BIR resumes online application for TIN

THE Bureau of Internal Revenue (BIR) will resume starting Monday its online service for those who will apply for taxpayer identification number or TIN.

“Please be advised that eREG system will be accessible beginning Aug. 10, 2015 at 8 a.m.,” the BIR said in an advisory on its website.

The eREG or eREGISTRATION system is a web application for taxpayer registration services such as TIN issuance, payment of registration fee as well as issuance of certificate of registration.

In an Aug. 7 memorandum, BIR Deputy Commissioner for information systems group Lilia C. Guillermo said “the technical issues encountered in eREG system have been resolved.”

“All eREG users can resume online TIN application.
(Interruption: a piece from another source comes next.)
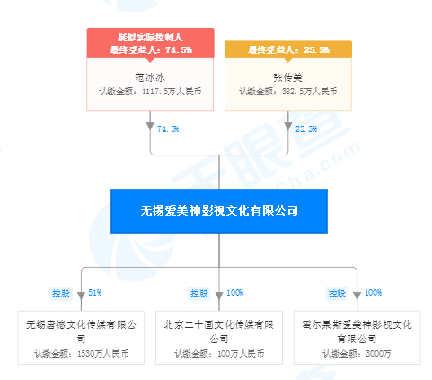 目前,该公司第一大股东为范冰冰,持股74.5%,第二大股东为范冰冰母亲张传美,持股比例25.5%,张传美同时也是公司最终受益人。
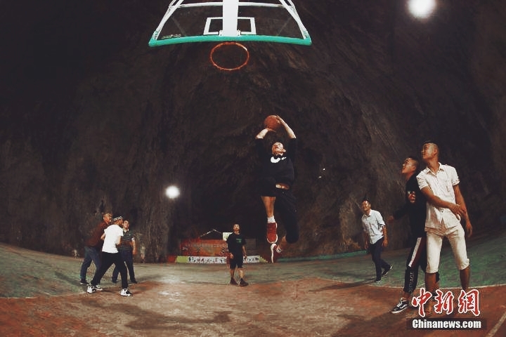 據(jù)介紹,這個(gè)球場(chǎng)位于貴州畢節(jié)市納雍縣豬場(chǎng)鄉(xiāng)新春村后山一個(gè)天然溶洞里,當(dāng)?shù)卮迕褡孀孑呡叾紣鄞蚧@球,便自籌資金在天然山洞里建了這個(gè)籃球場(chǎng),總面積足足有1000平方米。

RDOs [revenue district offices] will no longer manually issue TlNs,” according to Guillermo.

One module of the eREG system is the so-called eTIN, which the BIR said caters to individual taxpayers such as self-employed individuals (single proprietors and professionals), mixed income earners (for example, an employee and single proprietor and/or professional at the same time), employees, as well as prospective non-resident taxpayers under Executive Order No. 98.
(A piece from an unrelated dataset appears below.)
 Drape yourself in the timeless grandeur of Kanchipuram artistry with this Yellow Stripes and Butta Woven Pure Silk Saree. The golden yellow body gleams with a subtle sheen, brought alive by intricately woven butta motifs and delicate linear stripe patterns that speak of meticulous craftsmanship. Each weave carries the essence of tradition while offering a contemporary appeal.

Last May, BIR Commissioner Kim S. Jacinto-Henares said in an interview that the country’s largest tax-collection agency plans to do away with TIN cards made of cardboard and roll out IDs printed on smart cards by next year.

The pilot testing of TIN IDs made of smart cards would start in the second half, Henares had disclosed.

A smart card is defined by BusinessDictionary.com as a “plastic card with embedded microprocessor chip, electronic memory, and a battery,” which is being used to authenticate, manage and store information.

Some of these cards, which have the same size as a credit card, may be swiped through a magnetic reader, BusinessDictionary noted.

Initially, new taxpayers will be issued the smart cards, after which all other registered taxpayers have to switch to the new card and dispose their old IDs by January, according to Henares.

“This initiative has been planned for a long time… It will have a magnetic card and a smart chip to allow it flexibility so that we can use it for other things” in the future, the BIR chief had said, citing that the new ID may eventually also be used to track value-added tax or VAT receipts.

Henares had pointed out that some taxpayers had been complaining that the existing ID could be “easily faked,” while a smart card is deemed to be more secure.

The BIR chief had said they will roll out the new TIN card even as pending legislation for a national ID system languishes in Congress.